Title: The Relation of Skeletal Malocclusion and Airway Volumes: A Cross‐Sectional Study
Description:
Aim: This study evaluated the relationship between airway volume and skeletal malocclusion.
Methods: This study was a cross‐sectional analytical study obtaining 450 cone‐beam computed tomography (CBCT) images from the archives of a private clinic taken by the Sirona Galileos Comfort Plus, Dentsply Sirona, Germany device, following the Fast‐Scan protocol with 14 s exposure time, FOV = 15 × 15 cm, kV = 98, and mA = 3.
The CBCT images were from adults aged 17–39 years with a normal pattern in their vertical growth (SN‐GO.
GN = 32 ± 5), with no history of orthognathic or rhino surgery, no syndromes, no previous trauma, and no pathologies along the airway and pharynx detectable in the images.
CBCT images with radiographical artifacts and low quality or resolution were excluded from the study.
The total pharyngeal volume (TPV) was measured from the superior part of the PNS (posterior nasal spine) parallel to the standard horizontal plane to the anterior–inferior part of the C4 vertebra, parallel to the standard horizontal plane.
Velopharynx volume (VPV) was measured from the superior part of the PNS to the inferior border of the soft palate.
Glossopharynx volume (GPV) was measured from the inferior border of the soft palate to the superior tip of the epiglottis.

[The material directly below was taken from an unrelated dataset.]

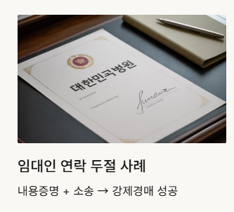 사례 ①: 임대인 연락 두절 → 내용증명 + 보증금 반환 소송 → 강제경매 성공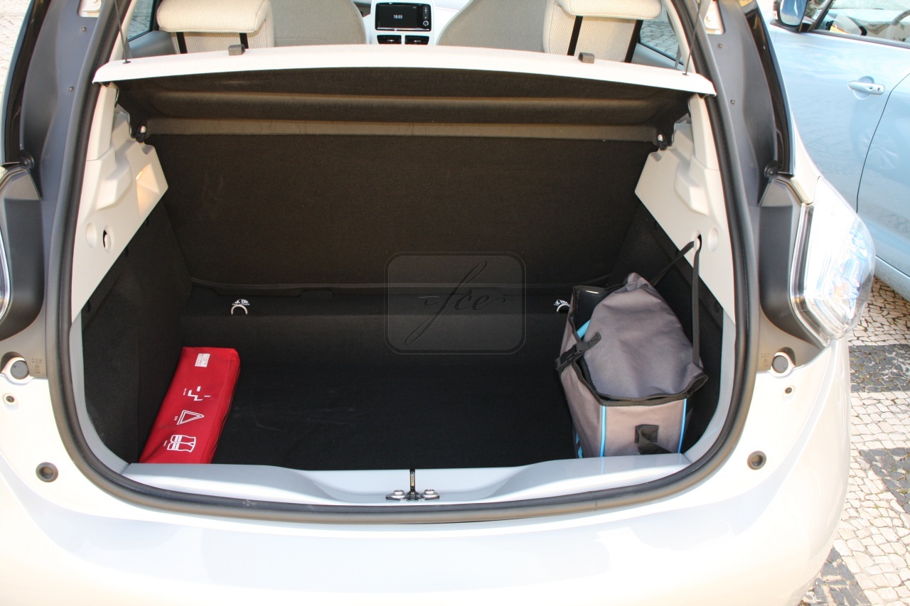 Abrimos el maletero y enseguida habíamos cargado nuestras mochilas y bolsas. No había tiempo para fotos ni vídeos y la luz ambiental tampoco invitaba a ello. Se imponía conducirlo cuanto antes y con la generosidad de mi colega fui yo quien se puso al volante. Ajusté bastante atrás el asiento y ni me moleste en intentar ajustarlo en altura, ya sabía que no se podía a causa de las baterías en el suelo. De hecho el Renault ZOE es 13 centímetros más alto que el Clio a causa de éstas. Para mi sorpresa me sobraba espacio. No solo no necesitaba echar el asiento hasta atrás del todo sino que además por encima de mi cabeza había hueco más que de sobra.

The volumes were reported in mm3.
To analyze data, SPSS version 22.
0 (IBM Corp, Armonk, NY, USA) was used.
ANOVA and Tukey’s post hoc test were applied.
Results: The results revealed that the mean total pharyngeal airway volume and velopharyngeal airway volume were significantly larger in Class III patients compared to Class II and Class I patients.
Also, in Class I patients, the mean total pharyngeal airway volume and velopharyngeal airway volume were significantly greater than in Class II patients.
The glossopharynx airway volume was significantly different between Class II and Class III patients, so the glossopharynx airway volume was significantly greater in Class III patients than in Class II patients.
Conclusion: The results showed that there is a relationship between skeletal malocclusion and airway volumes.